【发布时间】:2018-10-28 04:36:13
【问题描述】:
我还是个初学者,但我可以阅读简单的 html 结构。
但是在https://stockrow.com/AAPL/financials/income/annual 网站上,我尝试使用 xmlhttprequest 将数据提取到 excel 中,但源数据缺少包含所有关键数据的重要表格。 当我检查网站时,我可以看到整个 html 结构。
这是我得到的源数据:
<!DOCTYPE html>
<html lang="en">
<head>
<link rel="apple-touch-icon-precomposed" sizes="57x57"
href="/favicons/apple-touch-icon-57x57.png" />
<link rel="apple-touch-icon-precomposed" sizes="114x114"
href="/favicons/apple-touch-icon-114x114.png" />
<link rel="apple-touch-icon-precomposed" sizes="72x72"
href="/favicons/apple-touch-icon-72x72.png" />
<link rel="apple-touch-icon-precomposed" sizes="144x144"
href="/favicons/apple-touch-icon-144x144.png" />
<link rel="apple-touch-icon-precomposed" sizes="60x60"
href="/favicons/apple-touch-icon-60x60.png" />
<link rel="apple-touch-icon-precomposed" sizes="120x120"
href="/favicons/apple-touch-icon-120x120.png" />
<link rel="apple-touch-icon-precomposed" sizes="76x76"
href="/favicons/apple-touch-icon-76x76.png" />
<link rel="apple-touch-icon-precomposed" sizes="152x152"

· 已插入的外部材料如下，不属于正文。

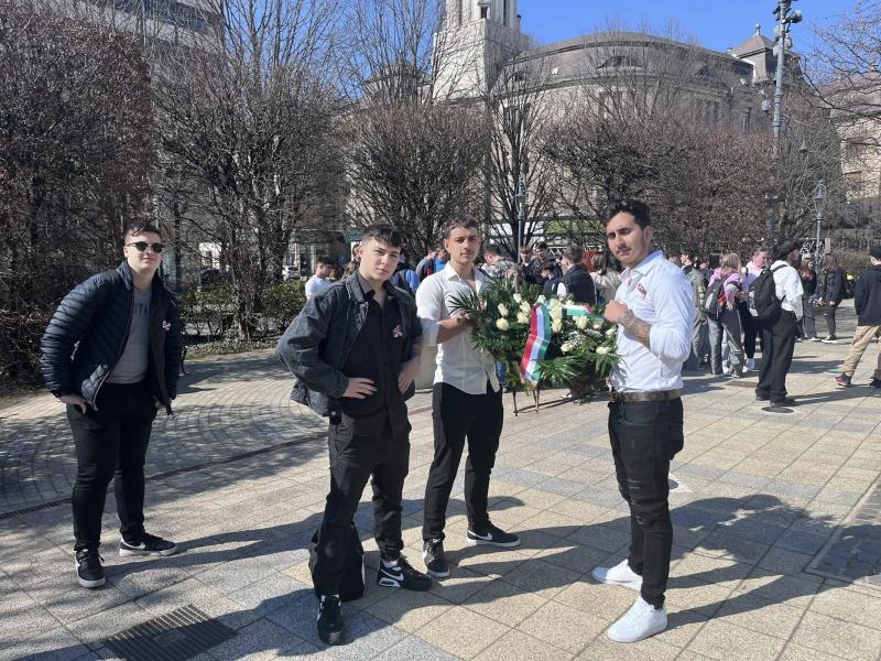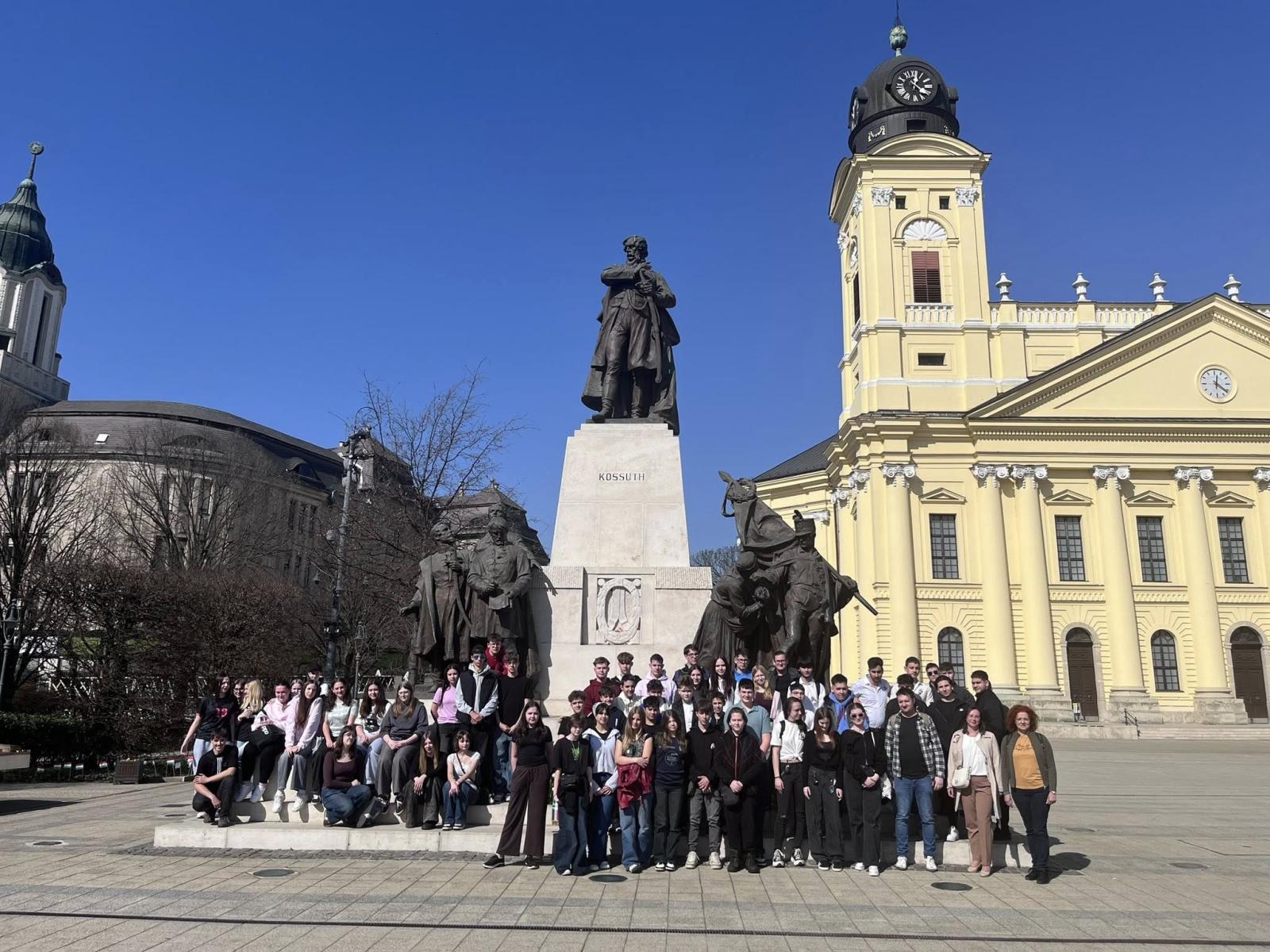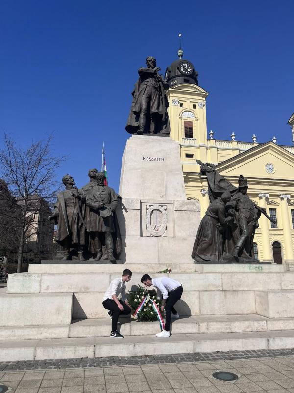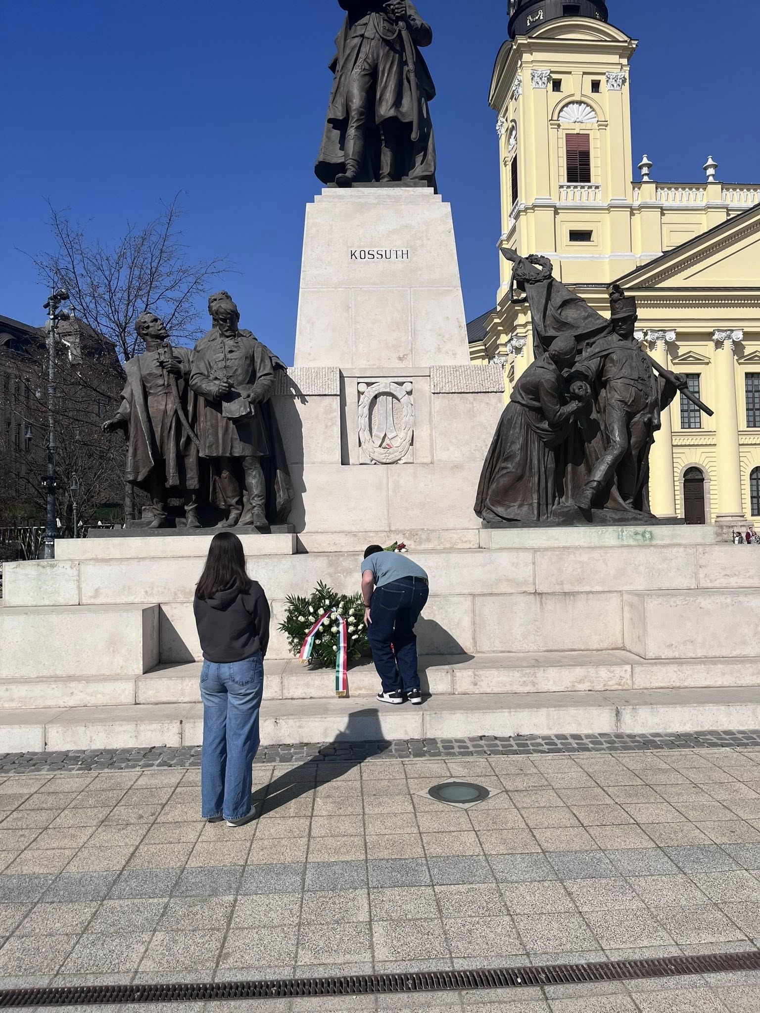Közös megemlékezést tartottunk iskolánkban a március 15-i nemzeti ünnep kapcsán, majd együtt megkoszorúztuk a Kossuth-szobrot Debrecen belvárosában, a Kossuth téren.

href="/favicons/apple-touch-icon-152x152.png" />
<link rel="icon" type="image/png" href="/favicons/favicon-196x196.png"
sizes="196x196" />
<link rel="icon" type="image/png" href="/favicons/favicon-96x96.png"
sizes="96x96" />
<link rel="icon" type="image/png" href="/favicons/favicon-32x32.png"
sizes="32x32" />
<link rel="icon" type="image/png" href="/favicons/favicon-16x16.png"
sizes="16x16" />
<link rel="icon" type="image/png" href="/favicons/favicon-128.png"
sizes="128x128" />
<meta name="application-name" content="stockrow.com"/>
<meta name="msapplication-TileColor" content="#FFFFFF" />
<meta name="msapplication-TileImage" content="/favicons/mstile-144x144.png"
/>
<meta charset="utf-8" />
<meta name="viewport" content="width=device-width, initial-scale=1.0, maximum-scale=1.0, user-scalable=no" />
<link href="https://code.cdn.mozilla.net/fonts/fira.css" rel="stylesheet" type="text/css" />
<script src="https://www.google.com/recaptcha/api.js"></script>
<script src="https://cdn.ravenjs.com/3.15.0/raven.min.js"></script>
<script>Raven.config('https://3ce523a8252c436f83c6fc423b340c0a@sentry.io/144901').install()</script>
<meta name="csrf-param" content="authenticity_token" />
<link rel="stylesheet" media="screen" href="/packs/stockrow-aa9c6f09f554179248530de2e33baa9b.css" />
<script src="/packs/stockrow-a35b20c51d525016f7c7.js"></script>
<script async id="_ck_381101" src="https://forms.convertkit.com/381101?v=7"></script>
我不知道如何解决这个问题,所以我想试试堆栈溢出。
【问题讨论】:
-
网站的内容可能主要由 JavaScript 加载,因此不在初始 HTML 中。阅读网络抓取工具。